The Danger of Chasing Margins (Clayton Christensen)

I’ve always been leery of focusing on margins. I think because I would look at other successful companies and see they did not necessarily chase the high margin business. The ticket size matters. The CAC matters. The long term market stability matters.

I was just reminded of this by this anecdote about large enterprises leaving the low margin segment. The competing companies in that segment eventually moved into the high margin segments as well. Point being that based on profit analysis, it was rational.

Clayton Christensen: Disruptive innovation

Or maybe there are just too many factors to generalize.

Another main point of the article is that Innovation/Disruption takes the complex and replaces it with Simple and Affordable. Mainframe > PC > Laptop > Cell Phone.

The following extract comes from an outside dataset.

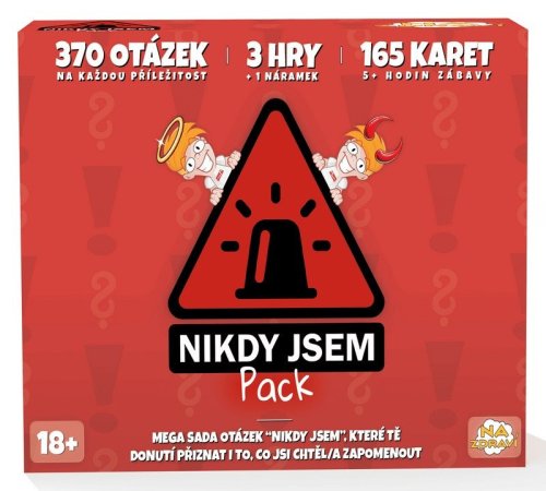 pMega sada 370 otázek “Nikdy Jsem”! Přiznáš i to, co jsi chtěl/a zapomenout. 3 hry + 1 párty náramek, ideální na oslavy, sešlosti i rande./ppTři edice - od lehkých přiznání až po totální chaos./pp bObsah balení:/b brNikdy Jsem (základní) - perfektní start večera a jistota kamkoliv. Rychle prolomí ledy a pobaví každou partu.brNikdy Jsem SPICY - pro ty, co milují perličky, tajemství a pikantní přiznání. Intimně laděný balíček s ostrými otázkami.brNikdy Jsem CRAZY - nejšílenější a nejdrsnější přiznání, co přinesou top historky a chaos, který chcete.brpPrincip her: Pokud jsi věc na kartě udělal/a, piješ/získáváš bod./pNáramek: „Co si nepamatuju – to se nestalo“ - jako párty suvenýr a motto večera./pp bVelkými výhodami jsou:/b brKompaktní krabice + jednoduchá pravidla + alko i nealko varianta + možnost hrát pár minut i několik hodin + tvorba přímo v Česku/pp bDoporučený věk:/b 18+brbPočet karet:/b 165brbPočet úkolů:/b 370brbHrací doba:/b 5+ hodinbrbMinimální počet hráčů:/b 2brbMaximální počet hráčů:/b 15/p

As an aside, what will replace the cell phone? Pencil and Paper? Worked well for me.

Here, Prof. Christensen makes a clearer statement of his theory (around 12 min mark).

Creative Disruption & The Innovator’s Dilemma | Clayton Christensen (HBS & Author) @ Startup Grind

If you try to make a better product than incumbents, they will kill you. The successful disruptors always enter at “the bottom” of the market. I believe he means the least expensive end of the market.

Also includes the milkshake story; the customer is not the right unit of analysis, it’s the job that needs to be done. In the case of the milkshake, it works as something to eat on a commute. The characteristics of the person matter little.